Safety control and countermeasures are built into the design of today's LiB systems, but this adds complexity, cost and weight. As the use of LiBs expands further into automotive, stationary storage, aerospace and other sectors, there is a need to decrease the risk associated with battery usage further and to enable the simplification of safety systems. This can only be achieved through enhanced understanding of the “science of battery safety”.

This project will improve the fundamental understanding of the root causes of cell failure and the mechanisms of failure propagation. Working closely with industry partners, a multi-scale approach is being taken, from the material to the cell and module scale. This is necessary because the triggers for cell failure are varied and may result from microscopic, internal heterogeneities (e.g., lithium metal plating during charge or manufacturing defects) or from external factors, such as vehicle crash or external heating. Whilst the nucleation of failure may be a microscopic event, the propagation of failure, in particular cell-to-cell propagation, is macroscopic. Research spans time frames from the degradation of materials over hundreds of charging cycles, down to the nucleation and propagation of failure with characteristically sub-second events.
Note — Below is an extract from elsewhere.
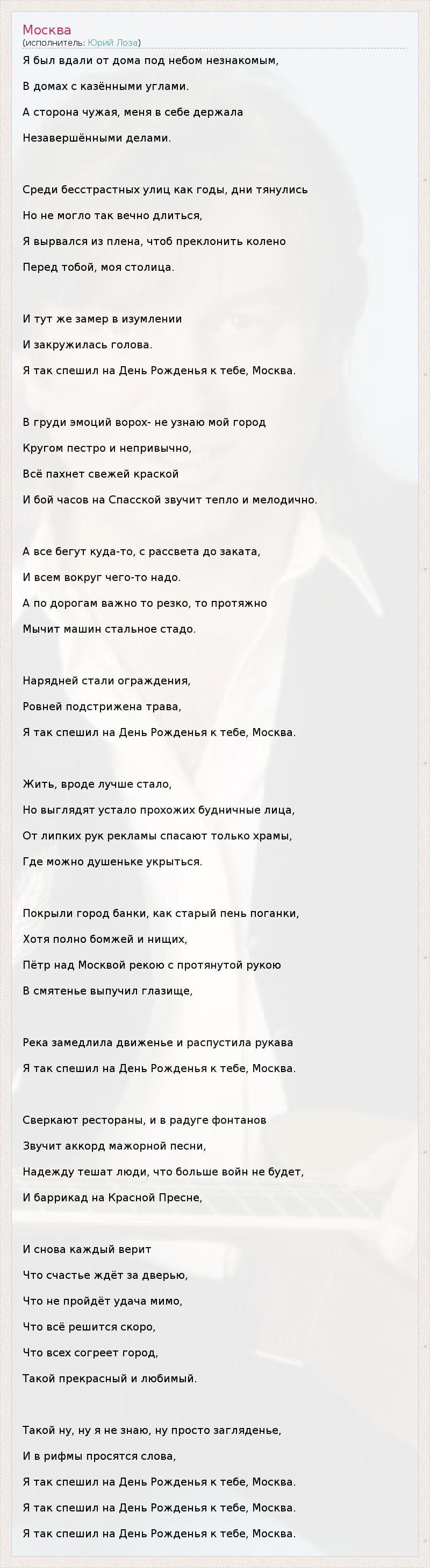 Я был вдали от дома под небом незнакомым, В домах с казёнными углами. А сторона чужая, меня в себе держала Незавершёнными делами. Среди бесстрастных улиц как годы, дни тянулись Но не могло так вечно длиться, Я вырвался из плена, чтоб преклонить колено Перед тобой, моя столица. И тут же замер в изумлении И закружилась голова. Я так спешил на День Рожденья к тебе, Москва. В груди эмоций ворох- не узнаю мой город Кругом пестро и непривычно, Всё пахнет свежей краской И бой часов на Спасской звучит тепло и мелодично. А все бегут куда-то, с рассвета до заката, И всем вокруг чего-то надо. А по дорогам важно то резко, то протяжно Мычит машин стальное стадо. Нарядней стали ограждения, Ровней подстрижена трава, Я так спешил на День Рожденья к тебе, Москва. Жить, вроде лучше стало, Но выглядят устало прохожих будничные лица, От липких рук рекламы спасают только храмы, Где можно душеньке укрыться. Покрыли город банки, как старый пень поганки, Хотя полно бомжей и нищих, Пётр над Москвой рекою с протянутой рукою В смятенье выпучил глазище, Река замедлила движенье и распустила рукава Я так спешил на День Рожденья к тебе, Москва. Сверкают рестораны, и в радуге фонтанов Звучит аккорд мажорной песни, Надежду тешат люди, что больше войн не будет, И баррикад на Красной Пресне, И снова каждый верит Что счастье ждёт за дверью, Что не пройдёт удача мимо, Что всё решится скоро, Что всех согреет город, Такой прекрасный и любимый. Такой ну, ну я не знаю, ну просто загляденье, И в рифмы просятся слова, Я так спешил на День Рожденья к тебе, Москва. Я так спешил на День Рожденья к тебе, Москва. Я так спешил на День Рожденья к тебе, Москва.

The project is also developing an improved understanding of processes occurring during real world failure, including the environmental consequences of LiB fires, which will inform the further development of fire sensing and protection systems for warehouse storage and battery energy storage systems (BESS) and help develop a consensus around the optimal method of fighting large LiB fires, be they the result of traffic collisions or at LiB recycling facilities.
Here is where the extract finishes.